也不知道是不是自己太矮的缘故,她觉得眼前的卫珩看上去似乎比前世还要高,两个人纵是隔了一步之间,她仍然能感觉到来自头顶的压力。忽然,眼前之人弯下腰,低下头,给她打千行礼。他声音还是和方才一样清冷:“原来是平乐公主,在下卫珩,见过公主。”

卫珩行礼动作极为随性,但他做完之后却无法让郭长安嫌弃。

他就算是打哈欠,也能让你觉出赏心悦目的味道。

郭长安在他低头的时候,偷偷地打量他:乌黑的头发以嵌玉的黑冠束起,外衣是云锦质地的月白色交领袍,袖口和领口是黑色的锦缎,上面玉环绣同样也是月白色的,里面则是白色的衬袍。

这些衣服若是穿在旁人身上,会使其增色;但是穿在他身上,倒被衬得平庸极了。

在他抬头之时,郭长安心虚地别开脸,心突突直跳,咬着唇问:“你、你以前见过本公主吗?”

她自然是认得卫珩的,可是卫珩应该还没见过她才是。

卫珩眯起凤眼,轻轻挑了挑眉,目光肆无忌惮地在长安身上游走,同时对她解释道:“在下刚踏进家门,便听说今日府上来了两位宫里的贵客。既是宫里的,探望的人又是小妹芯瑶,我便知道来人是文阳公主和平乐公主。”他继续道,“况且,公主这一身装扮,想叫人认不出来都难。”

郭长安低头看了一眼自己的装扮,不过是件桃色的裙子罢了,大约是裙边镶着金线且绣着皇家才可使用的祥云图案让他看出来了。

卫珩抬手,指着长安头上的蝴蝶金钗:“平乐公主喜欢蝴蝶,谁人不知。”他又微微弯腰,脖子往前一点,正好可以平视长安。

两个人隔得只有一只拳头的距离,都从对方的眼里看到了自己的身影。长安忍不住紧张起来。若是前世,她此刻定然是翘起嘴角,毫不畏惧地同他对峙。如今因知道自己欠他一份情,她竟然没有那份底气了。
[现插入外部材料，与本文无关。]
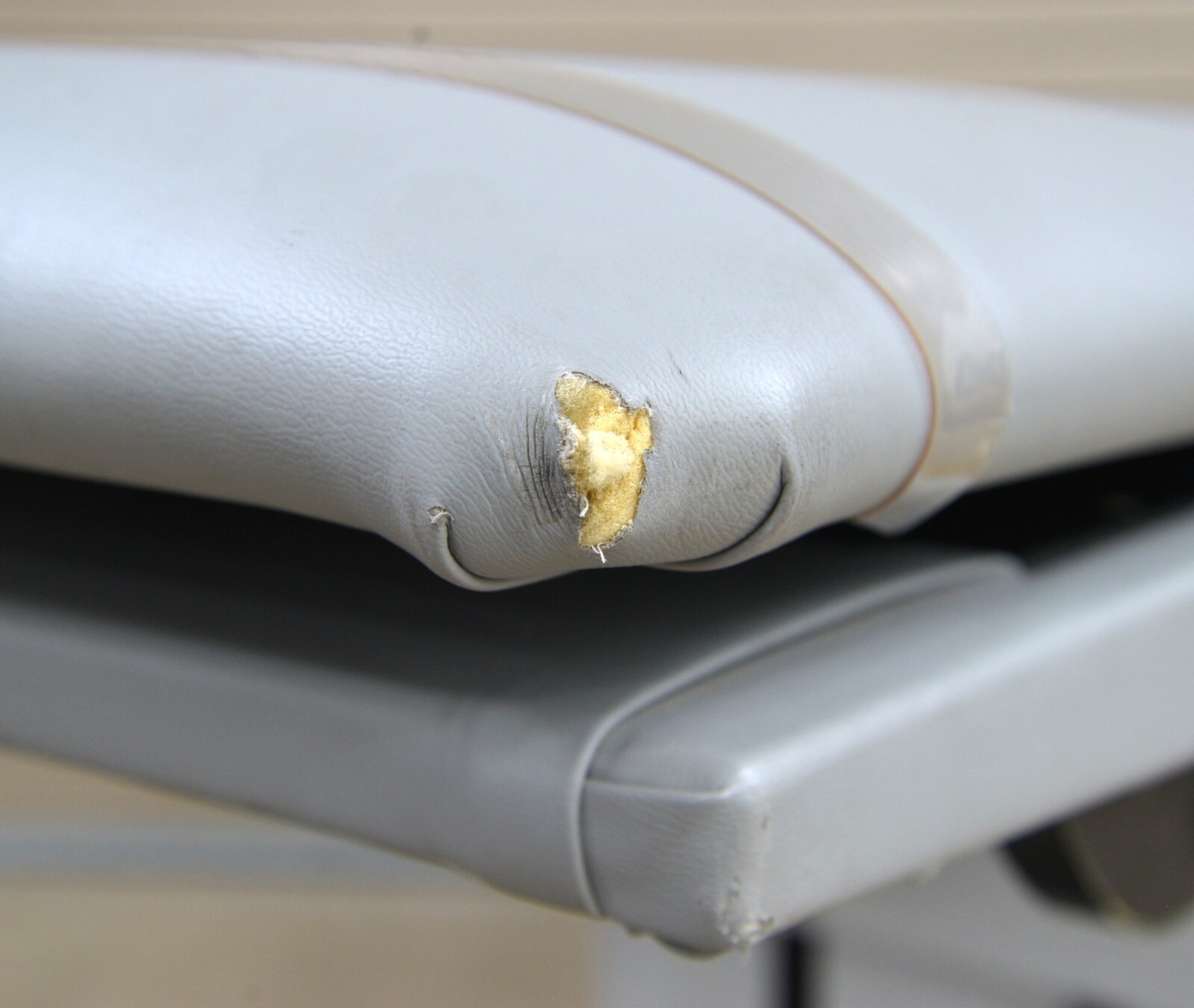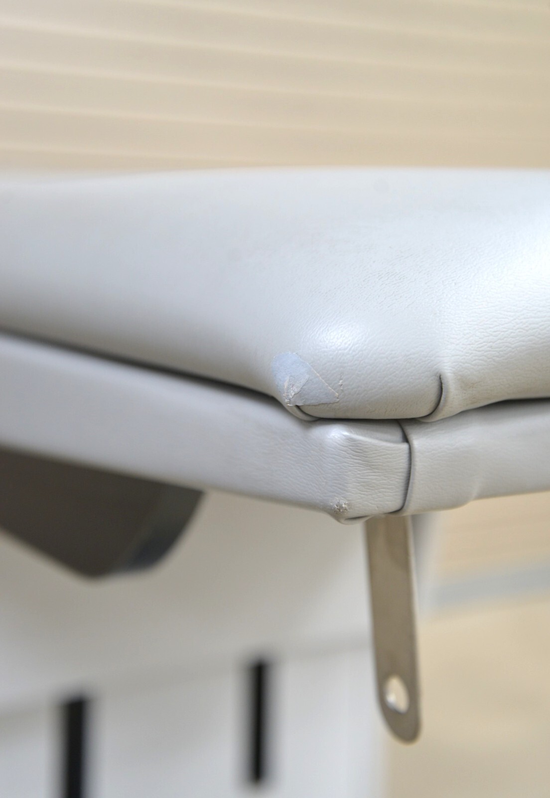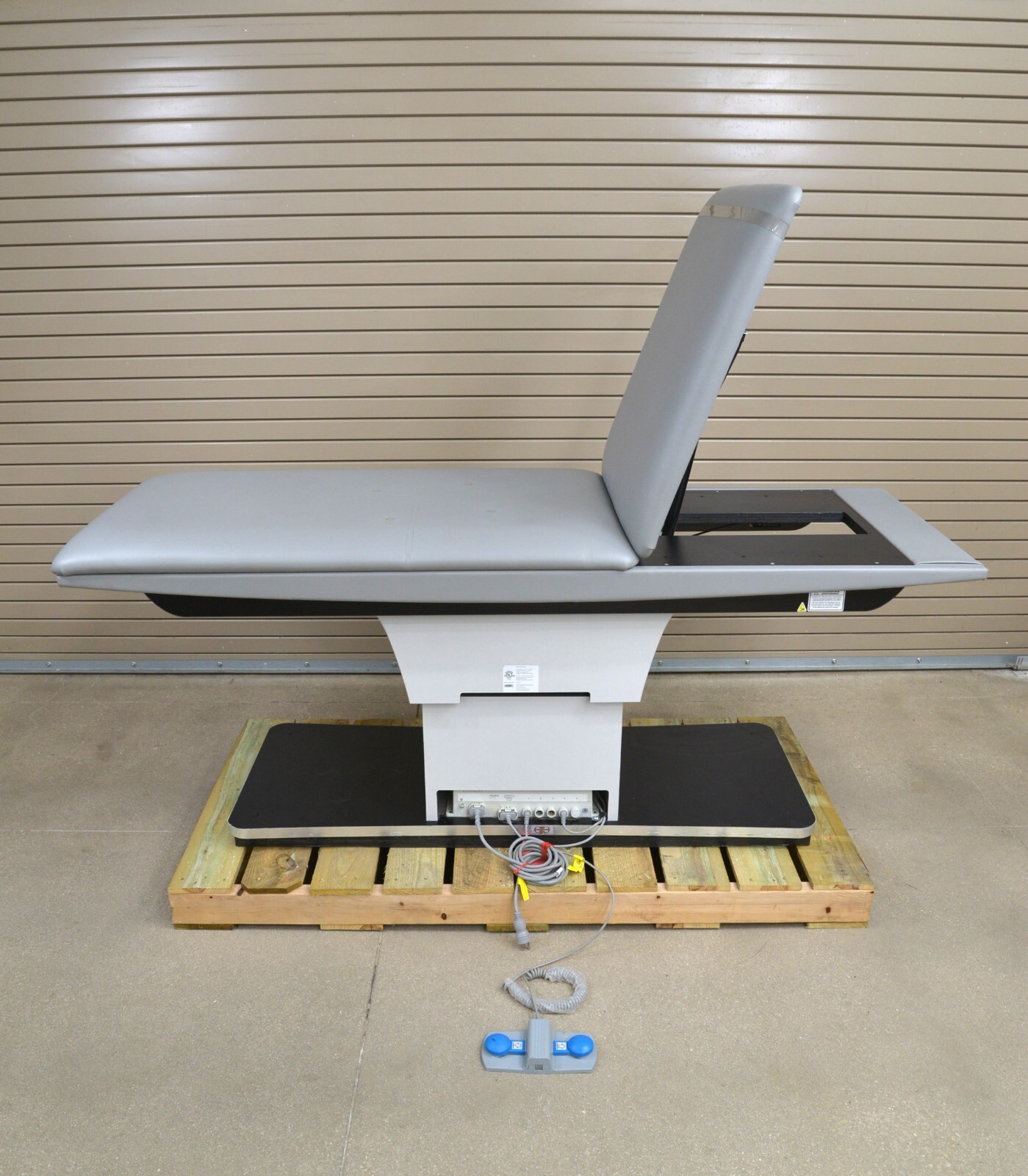 This treatment table is in good working condition. The foot switch and all manual table levers adjust the table properly.  The upholstery is in good condition with the exception of a couple small tares associated with previous use and has some shipping damages (see photos). There is a missing bracket for the paper dispenser and cutter. Includes a foot pedal and power cord. This unit comes with a 30 day money back guarantee! Includes everything in the pictures and nothing else.

“长得也跟蝴蝶一样可爱呢,让人忍不住想多看几眼。”卫珩叹了口气,“就是个子矮了点。”

“你、卫珩你…你好大的胆子!”

公主长什么样岂是你一个外臣可以随便议论的?还当着公主的面,真是太不把自己放在眼里了!三番两次调戏公主,若是告诉父皇,准保他这辈子仕途无门,说不定还能连累到整个卫府。
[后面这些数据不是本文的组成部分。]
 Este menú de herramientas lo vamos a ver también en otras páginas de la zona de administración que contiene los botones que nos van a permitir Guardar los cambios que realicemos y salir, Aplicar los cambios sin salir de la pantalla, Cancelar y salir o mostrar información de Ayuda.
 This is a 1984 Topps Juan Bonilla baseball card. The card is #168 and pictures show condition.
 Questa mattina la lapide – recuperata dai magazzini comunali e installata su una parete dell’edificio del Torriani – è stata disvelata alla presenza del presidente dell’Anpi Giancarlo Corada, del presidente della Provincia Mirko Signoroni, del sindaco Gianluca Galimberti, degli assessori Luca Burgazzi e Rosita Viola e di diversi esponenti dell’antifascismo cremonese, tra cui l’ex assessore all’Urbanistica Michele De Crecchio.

再者,这一世的卫珩怎么完全跟变了个人似的!前世的卫珩,最是高高在上的了,别说是自己,就是天仙下凡般的美人,他也不屑与旁人一样流露出贪慕之情,更不可能说出评头品足的话了。

长安脸色微红,语气里透着些许不悦,神情也稍显恼火,在此警告卫珩:“卫国公就这么教养他的孙子的吗?”
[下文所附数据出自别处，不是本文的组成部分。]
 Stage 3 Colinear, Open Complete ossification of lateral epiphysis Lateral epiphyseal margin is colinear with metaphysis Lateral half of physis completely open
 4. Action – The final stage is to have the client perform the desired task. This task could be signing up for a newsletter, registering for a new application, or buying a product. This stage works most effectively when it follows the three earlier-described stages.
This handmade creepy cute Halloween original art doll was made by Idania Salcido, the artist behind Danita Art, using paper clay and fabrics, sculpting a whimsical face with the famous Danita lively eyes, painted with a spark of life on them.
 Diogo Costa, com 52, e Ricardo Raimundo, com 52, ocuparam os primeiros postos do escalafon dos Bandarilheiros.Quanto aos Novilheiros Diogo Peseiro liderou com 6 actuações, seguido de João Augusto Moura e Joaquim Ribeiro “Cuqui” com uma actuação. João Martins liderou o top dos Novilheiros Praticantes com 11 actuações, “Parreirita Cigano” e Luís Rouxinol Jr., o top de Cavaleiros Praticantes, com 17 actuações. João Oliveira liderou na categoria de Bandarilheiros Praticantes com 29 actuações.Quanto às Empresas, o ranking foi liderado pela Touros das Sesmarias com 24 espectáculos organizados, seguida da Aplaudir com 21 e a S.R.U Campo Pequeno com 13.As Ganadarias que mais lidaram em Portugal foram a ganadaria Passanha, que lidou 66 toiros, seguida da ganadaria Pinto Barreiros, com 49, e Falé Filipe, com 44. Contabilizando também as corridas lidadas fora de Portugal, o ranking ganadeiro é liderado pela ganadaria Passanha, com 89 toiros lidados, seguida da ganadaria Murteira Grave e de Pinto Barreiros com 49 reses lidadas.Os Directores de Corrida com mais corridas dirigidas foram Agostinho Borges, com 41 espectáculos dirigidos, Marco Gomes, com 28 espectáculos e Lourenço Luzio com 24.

“好了,我不说便是。”卫珩别过脸,“人小脾气倒还不小。”

“下回胆敢再犯,本公主绝对不会轻饶。”

她抬头挺胸,希望自己的话能有威慑力,至少得让卫珩看出来,自己是认真的。说完,她又想到刚才被他拉扯一下,急忙低头查看衣服是否有凌乱支持,并顺手理了理自己的头发。

其实也没怎么乱,卫珩不过是抱住她而已。

她的这些表情和小动作落在卫珩眼中,便显得有些滑稽。她是公主没错,说话的语气也像个大人一般,可是那还不足自己肩膀的小身子骨,尚未张开的娇小脸蛋,纵然是板着脸一副呵斥他的样子,也是在没办法叫他正经认罪。而且他还觉得自己冤枉得很,明明是好心救了她,没让她摔着,她倒是一副被占了清白的神情。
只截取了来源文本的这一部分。